• Your assignment:
There are pictures in the records below; leave them out and set down exactly the lines from the one holding "女子向けラノベタイトル風あだ名 | 『シンデレラふくしまほのか家の靴箱館』 |" through the one holding "Žluté krystaly a".

• Material shown:
- - - - - - -
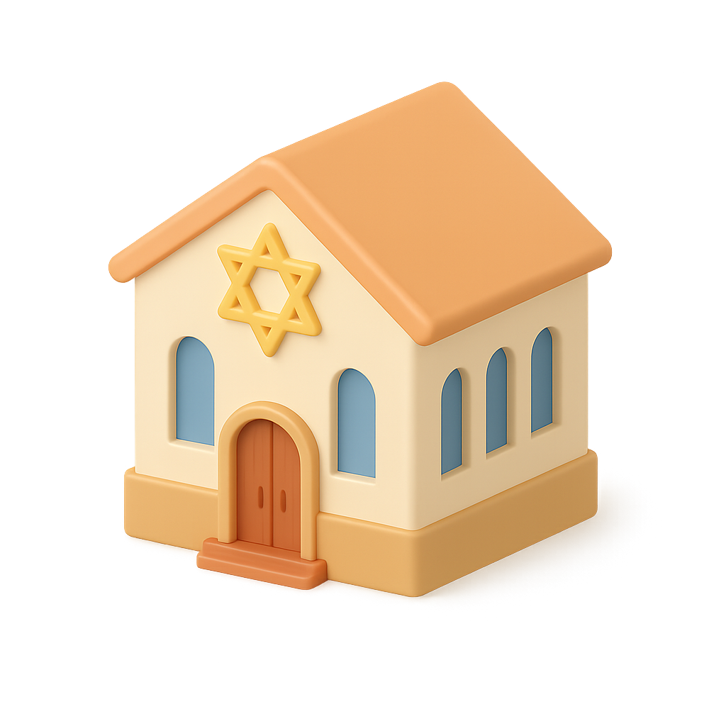 /Collection: /by davooda/Type: PNG/A stylized 3D icon of a synagogue prayer hall, featuring a star symbol, large windows, and a warm color palette. The design has a transparent background and a three-quarter view.
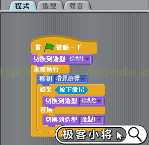 完成后測試程序,學生們會大吃一驚!真的跟著我的鼠標,按下之后,我會切換形狀。
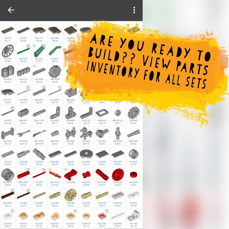 - View parts inventory button to check that you have all the needed parts to start your build.
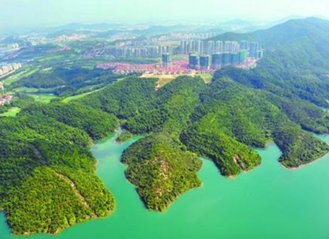 長(zhǎng)江疊翠是中山市新十景之一,指的是長(zhǎng)江水庫(kù)游覽區(qū),這里離中山城區(qū)中心石岐東南九公里,是建設(shè)在著名抗日游擊根據(jù)地五桂山區(qū)北面的以水庫(kù)為中心的游覽區(qū)。水庫(kù)1963年基本建成,它包括里面相連的6條大水坑,7處山梁山埔和一道攔庫(kù)大壩,集水面積三十六 平方公里,庫(kù)容達(dá)五千萬(wàn)立萬(wàn)。雄偉的水庫(kù)大壩頂面寬6米多,長(zhǎng)330米。往水庫(kù)區(qū)里望, 莽莽群山,重巒疊嶂,一望無(wú)限的松林,郁郁蔥蔥,還有杉樹(shù)、樟樹(shù)、苦楝…等和許多叫不出名字的樹(shù)木。一派生機(jī),濃綠如絨如砌,倒映湖中,就是這里美景"疊翠"風(fēng)韻之所在。
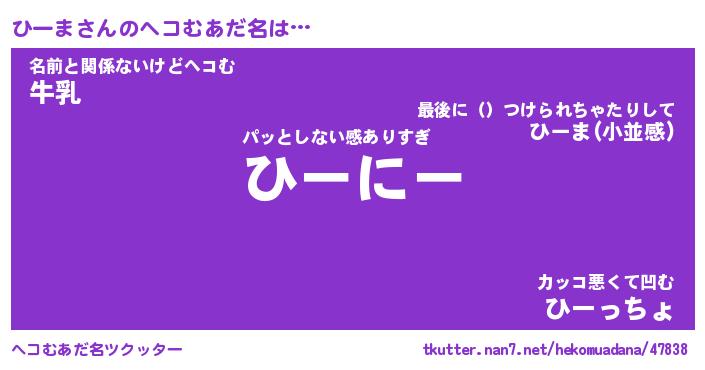 | 意味不明あだ名 | 『ペロリンひーま』『ひーまフォーエバー』 |
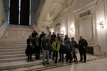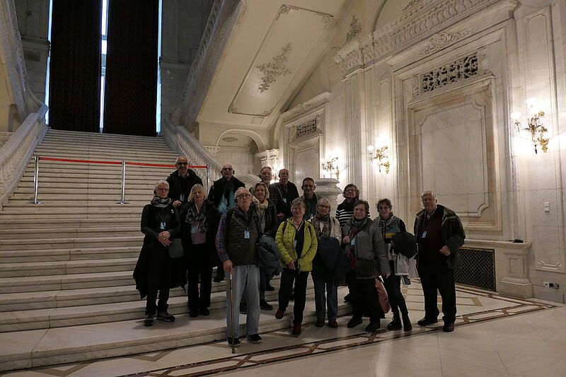 Auf die Reise nach Bukarest, der Hauptstadt Rumäniens, machten sich vierzehn interessierte Erwachsene und erlebten viele Gegensätze von Stadt und Land, von gut situiert bis bettelarm, von der Verarbeitung des Kommunismus bis hin zum Leben in der Moderne, im Hier und Jetzt. Die Reise umfasste sowohl Einblicke in die Vergangenheit mit dem Haus des Volkes, Ceausescus Wohnhaus und seinem Einfluss auf den Städtebau, als auch die Kultur der Kirchen. Neben der Vergangenheit galt der Blick den Arbeitsbeziehungen, dem Leben und Alltag in Stadt und Land, den verschiedenen Regionen in der Walachei und Siebenbürgen und vielen Informationen zu den Regeln im Land betreffend Gesundheit, Steuern, Rente, Bildung, Poltik und vieles andere...
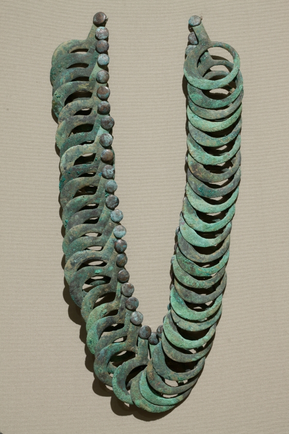 45 separately cast pendants overlap one another when strung together and hung, reversing course at the bottom.
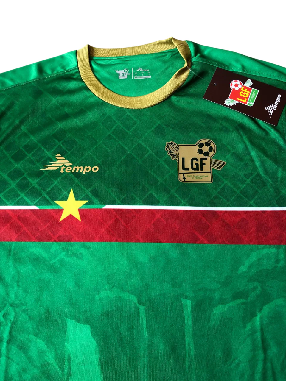 Notes : Le maillot Extérieur comme le maillot Domicile met en avant les trésors de la Guadeloupe. Sur la face avant, on peut apercevoir les majestueuses chutes du Carbet.
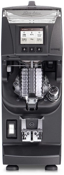 Mythos II introduces gravimetric dosing. This means the grinder doses the ground coffee by weight in real time. Eliminating the need for a scale and reducing coffee wast. This feature can also be turned off via the setting to dose using time.
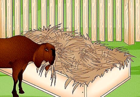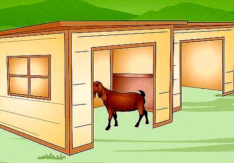 Give your goats access to shelter. As mentioned in the previous section, goats will require a sheltered indoor area for sleeping, feeding and protection from the weather and night-time predators. The housing does not need to be very elaborate, and as long as the goats have plenty of outdoor space to roam around during the day, it doesn't have to be very large - goats like to sleep together in small groups. You just need to make sure that the shelter stays dry and draft-free. It's also a good idea to have a small stall where you can place sick, injured or heavily pregnant goats. The floor of the shelter should be covered in a thick layer of bedding, comprised of wood shavings (anything except cedar), straw or waste hay.
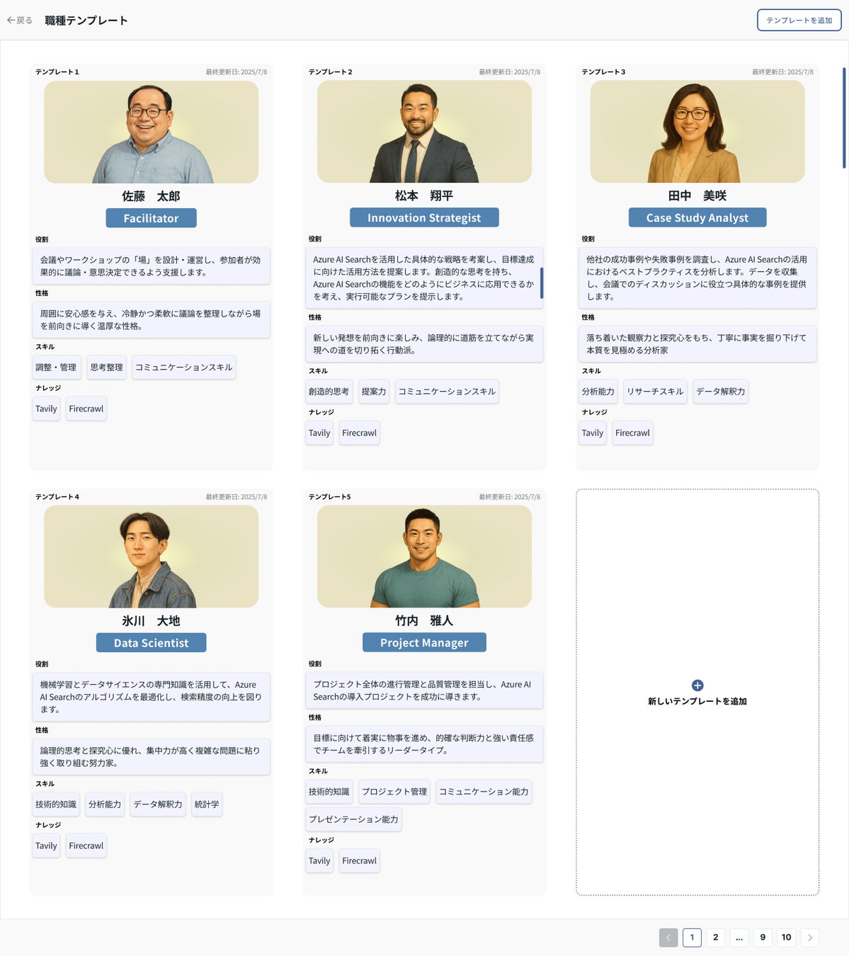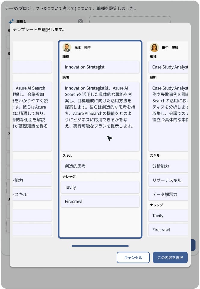 異なる専門性を持つ複数のAIエージェントが同席し、マーケティング・技術・経営など多様な視点でディスカッションを展開。単一の視点に偏らず、多角的な意思決定をサポートします。
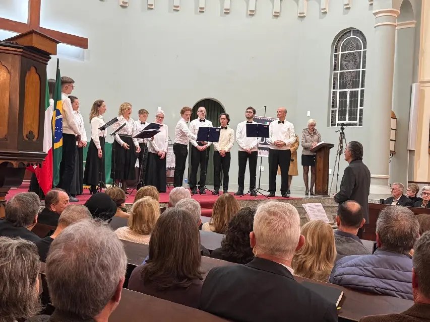 A apresentação, que integrou a programação dos 165 anos de aniversário do município, foi marcada pela interpretação de clássicos da música sacra e popular italiana — muitos deles pouco ou nunca antes executados ao vivo na cidade.
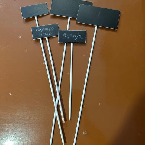 Kaunis keraaminen kyltti upotettavaksi multaan herneiden kaveriksi!
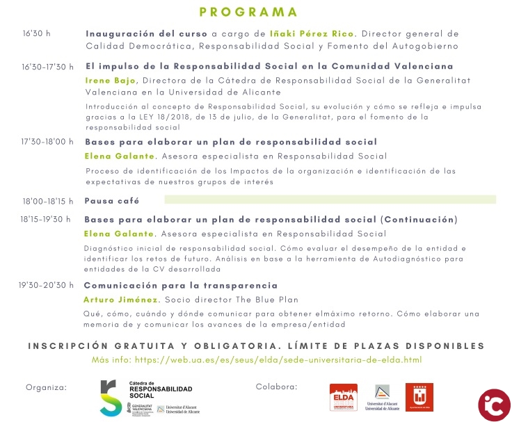 El curs és gratuït amb places limitades, motiu pel qual és imprescindible la inscripció prèvia. Es desenvoluparà el dimarts 29 d’octubre en horari de 16.30 a 20.30 h al Centro Cívico y Juvenil. Comptarà amb experts especialistes en responsabilitat social de la Càtedra de la Universitat d’Alacant i d’empreses especialitzades. A la inauguració assistirà Iñaki Pérez Rico, director general de Qualitat Democràtica, Responsabilitat Social i Foment de l’Autogovern.
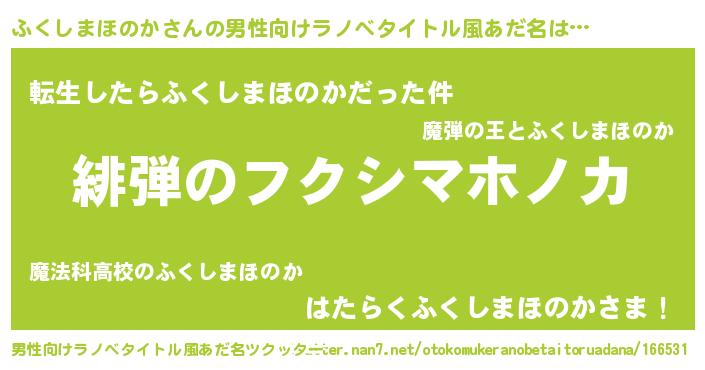 | 女子向けラノベタイトル風あだ名 | 『シンデレラふくしまほのか家の靴箱館』 |
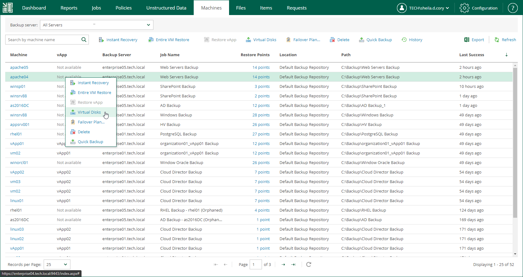 - Open the Machines tab and select the necessary VMware vSphere VM from the list.
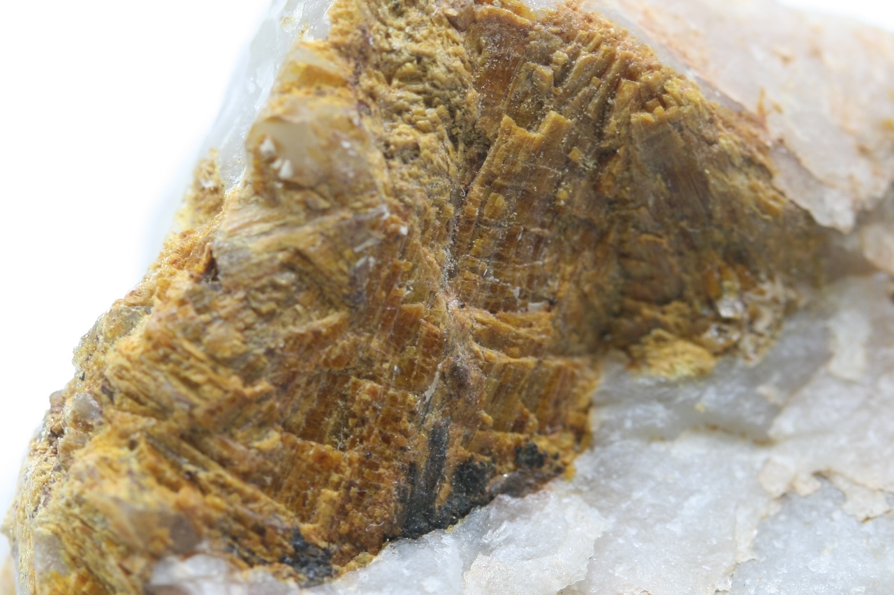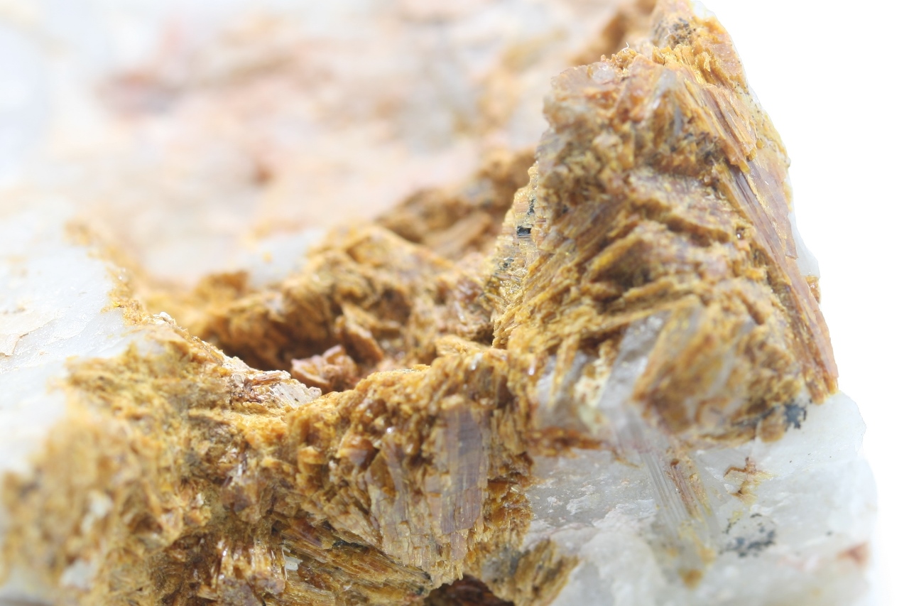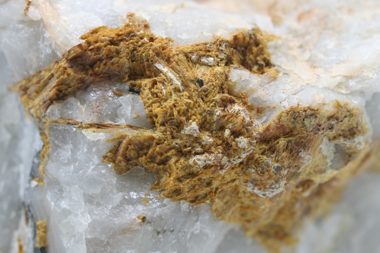 Žluté krystaly a akregáty silikátu arsenu a vanadu z typové lokality.
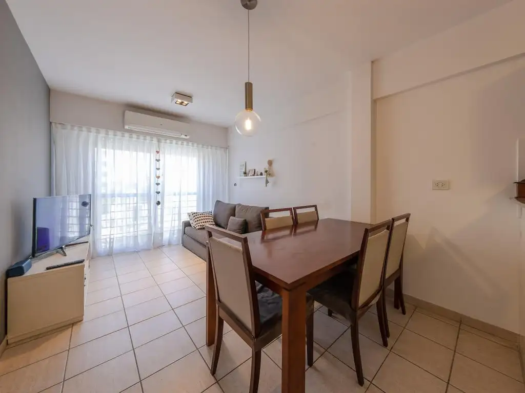 Propiedad compuesta por living-comedor con vista despejada. Cocina integrada con barra desayunadora, mesada de mármol Mara, muebles bajo mesada y alacenas.
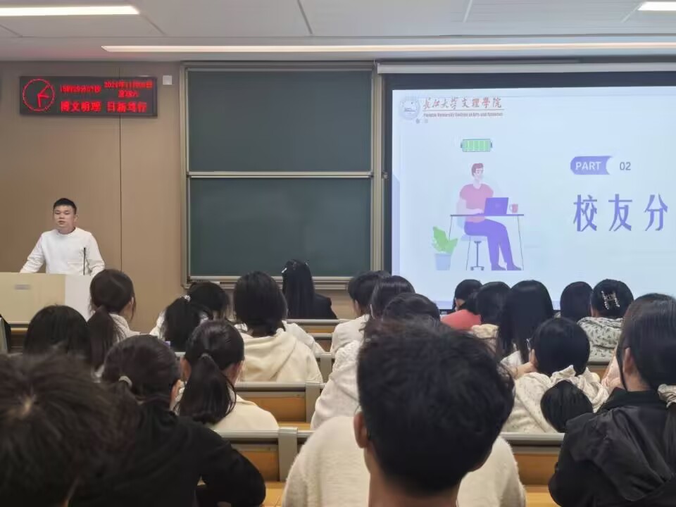分享会开始,刘江盼学姐讲述了自己的校园时光,以及毕业后扎根农村、走进基层支教的工作选择,于她而言那是最幸福的一段时光。接着李显莎学姐分享从事教育行业的经验,并回顾大学期间的在校生活。最后江超学长分享经验,毕业后赴深圳工作的经历,也提到大学期间在员工会大家庭里锻炼了自己与人交际的本领。
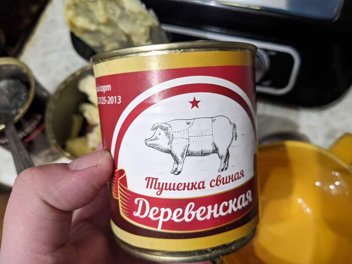 Вчера был день ЛЛ, сегодня воскресенье, день ленивой еды. Открыл банку свиной тушенки, а там:
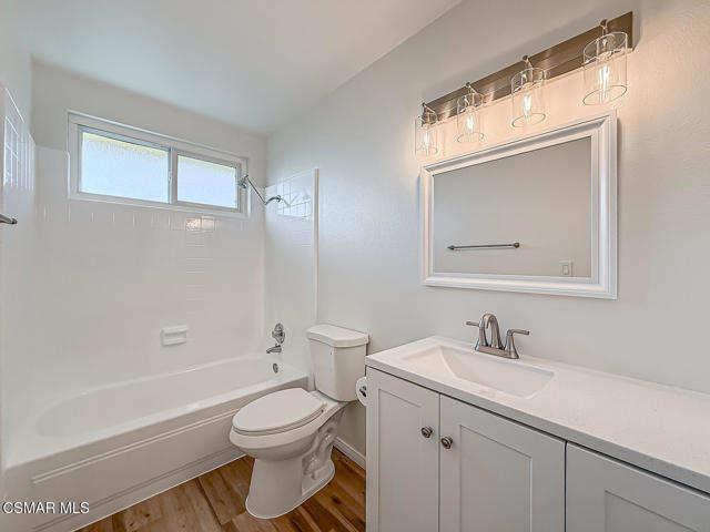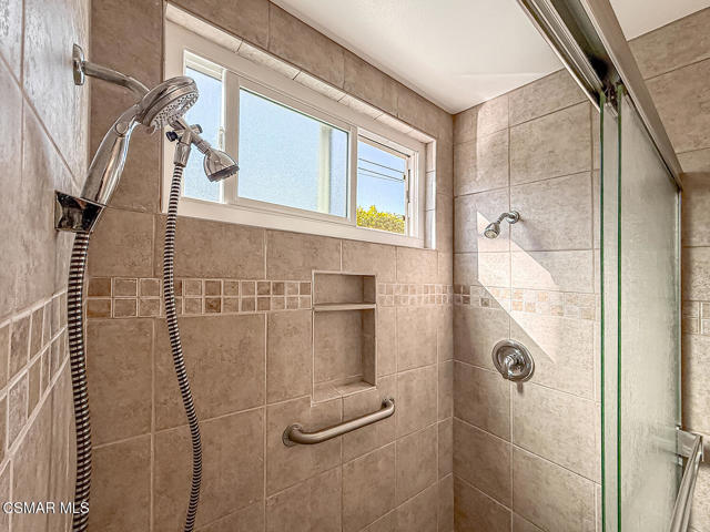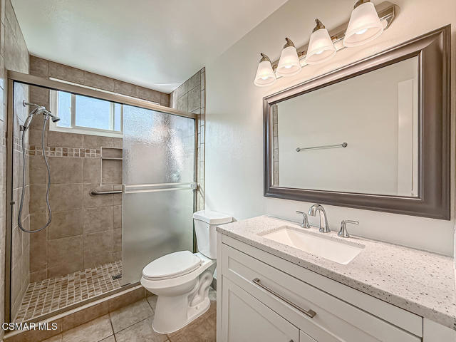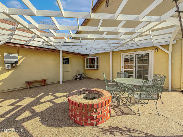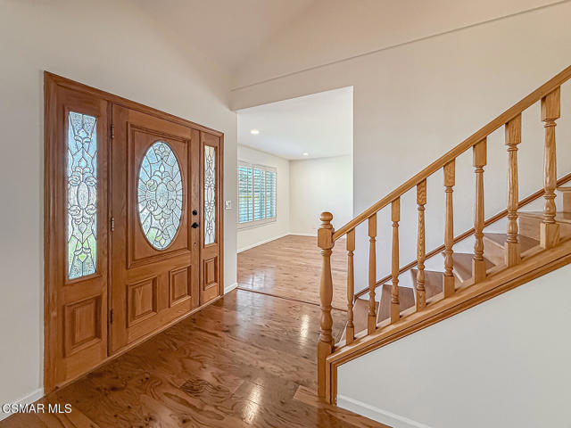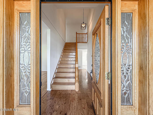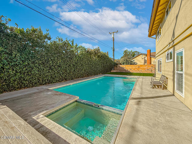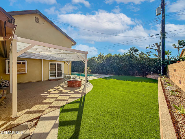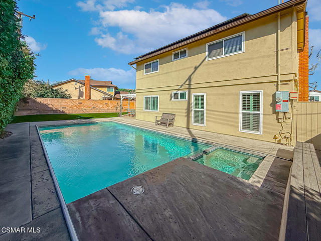 Charming POOL Home with OWNED SOLAR and BACKUP BATTERY on a END of Cul-De-Sac location! Tucked into a peaceful residential pocket just a short stroll from Foothill Park, this tastefully updated 5-bedroom residence offers a spacious backyard retreat and a regal curb appeal enhanced by sprawling grass lawns, a gracefully curved concrete walkway, and a tile-surfaced front porch--welcoming you to the elegant beveled-glass front door. Inside, the entire interior has been FRESHLY repainted and the ceilings have been NEWLY scraped to enhance brightness and create a crisp, move-in ready atmosphere. The main Living Room is spacious and inviting, showcasing handsome REAL wood flooring, plantation-shuttered windows, a gas fireplace, and BRAND-NEW recessed lighting. Adjacent, the Formal Dining Room continues the real wood flooring and enjoys its own plantation-shuttered windows + updated light fixture, making it a fantastic space for both casual and formal gatherings.The Kitchen is generously sized and bathed in natural light, appointed with recessed lighting, tile countertops, and designer stainless-steel appliances including a WOLF gas range beneath a stainless-steel range hood, BOSCH dishwasher, and a 2-door KITCHENAID refrigerator. Additional highlights include a garden window, roomy pantry with pull-out shelving, and sliding glass doors that open to the backyard--perfect for entertaining and everyday living. The Kitchen Eating Area provides a comfortable space to enjoy daily meals while taking in the view. Downstairs, the Primary Bedroom offers real wood flooring, recessed lighting, two closets with bifold doors, plantation-shuttered windows, and an en-suite bathroom upgraded with a stone-topped vanity and tile-walled shower featuring dual shower-heads. A deep under-stair storage closet provides excellent functionality and hidden storage options.Upstairs, four additional bedrooms offer thoughtful layouts and plenty of flexibility. Bedroom #1 includes a ceiling fan, plantation-shuttered windows, a built-in window bench with storage, and a sliding wardrobe closet. Bedroom #2 offers traditional proportions and sliding wardrobe closet doors. Bedroom #3 has been fitted with a built-in desk, ideal for use as a home office or study space. Bedroom #4 enjoys a ceiling fan and sliding wardrobe closet, completing a comfortable second-floor layout. Two separate upstairs hallway closets provide additional linen and storage space, and the upgraded Hall Bathroom includes a modern built-in vanity and a NEWLY glazed tub/shower! Each room throughout this home feels BRIGHT!The Backyard is a PRIVATE outdoor retreat, designed for relaxation and entertaining with a sparkling in-ground pool + spa fitted with an AUTOMATIC safety cover. BRAND-NEW artificial grass lawns add beauty with minimal maintenance, and a spacious covered concrete patio with a freshly painted patio cover provides a shaded zone for dining, lounging, or outdoor gatherings. Additional upgrades include a FULLY OWNED SOLAR system with BACKUP BATTERY to deliver energy efficiency & peace of mind, as well as a NEWER Rheem water heater. The home is ALSO plumbed for soft water throughout. A 2-car garage provides ample storage and everyday convenience. This special home is ideally located near scenic parks, highly regarded local schools, shopping, dining, and commuter routes--offering that rare combination of comfort, privacy, and efficiency in one of Camarillo's most desirable neighborhoods!
- - - - - - -
• Solution for this exercise:
 | 女子向けラノベタイトル風あだ名 | 『シンデレラふくしまほのか家の靴箱館』 |
 - Open the Machines tab and select the necessary VMware vSphere VM from the list.
 Žluté krystaly a akregáty silikátu arsenu a vanadu z typové lokality.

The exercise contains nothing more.